Image

Yangın, deprem, sel gibi doğal afetlerden ve savaş durumunda kendinizi ve ailenizi nasıl koruyacağınızı sivil savunma öğretir.  Özellikle Organize Sanayi Bölgeleri başta olmak üzere birçok iş yeri bağlı bulundukları Valiliklerden, Sivil Savunma Planı hazırlamaları yönünde tebligatlar almaktadır.

AFAD Daire Başkanlığı ve İstanbul AFAD ‘ dan alınan bilgiler ışığında; kamu kurum ve kuruluşlarında sivil savunma amirlerinin 4-5 gün süren eğitimlerinin tamamlandığı, sırada özel sektörün olduğu, eğitim planlaması için bir nevi bilgi havuzu oluşturmak amacı ile bu uygulamanın yapıldığı öğrenildi. Ayrıca işyeri tehlike sınıfına bakılmaksızın 100 ve üzeri çalışanı olan işyerlerinin zaten sivil savunma amiri bulundurmak zorunda olduklarını belirtildi. Sivil Savunma Planının, müesseselerin güvenlik birimleri ile beraber varsa bina yönetimi tarafından hazırlaması gerekmektedir.

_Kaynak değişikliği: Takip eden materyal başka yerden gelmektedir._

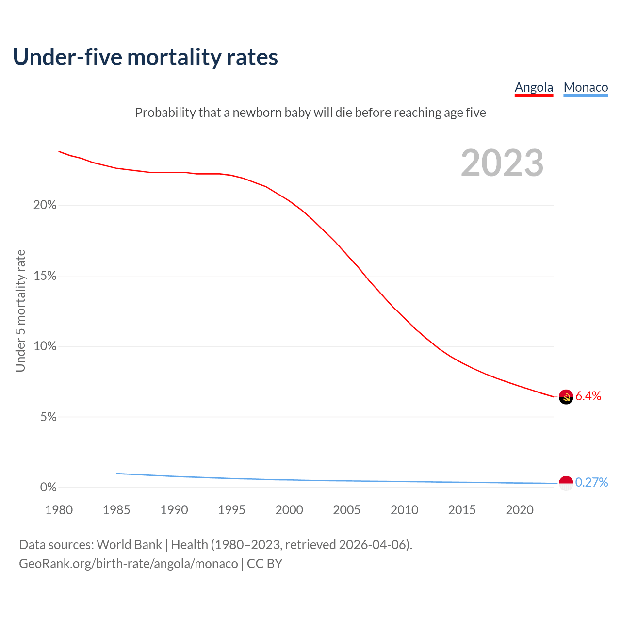 The chance that a newborn baby will die before reaching age five is 6.4% in Angola and 0.27% in Monaco. Above is a chart with historical data on under-five mortality rates.

Konu 6331 sayılı İş Sağlığı ve Güvenliği Kanunu kapsamında olmayıp bina yapısı, sığınak, ekipman vb. konularda yeterli bilgiye sahip (Teknik Ekip vb.) kişiler tarafından kılavuzda belirtildiği şekilde hazırlanması gerekmektedir.
İlgili planlar 7126 sayılı Sivil Savunma Kanunu ve İçişleri Bakanlığı Sivil Savunma Genel Müdürlüğü’nün yayınladığı ‘Daire ve Müesseseler İçi Sivil Savunma İşleri Kılavuzu’na göre hazırlanması istenmektedir.

https://istanbul.afad.gov.tr/tr/9562/Kitap-Kitapciklar (link üzerinden ilgili kılavuza ulaşabilirsiniz.)

 

Sivil Savunma Planı Nedir?

Düşman saldırılarına karşı halkın can ve mal kayıplarını en az seviyeye indirilmesi, hayati önem taşıyan her türlü resmi ve özel tesis kuruluşlarının korunması ve faaliyetinin devamını sağlayacak iyileştirmenin yapılması, savunma faaliyetlerinin halk tarafından en yüksek seviyede desteklenmesi ve halkın moralini yüksek tutmak için alınacak her türlü silahsız koruyucu ve kurtarıcı tedbir ve faaliyetleri kapsar. (5 Ağustos 2010 tarih 27663 sayılı resmi gazete: madde 4)

Sivil savunmasız yurt savunması olmaz. Sivil savunmanın önemine binaen M.Kemal ATATÜRK ‘ün veciz sözünü paylaşmak isteriz; “Felaket başa gelmeden evvel önleyici ve koruyucu tedbirleri düşünmek lazımdır, geldikten sonra dövünmenin yararı yoktur”.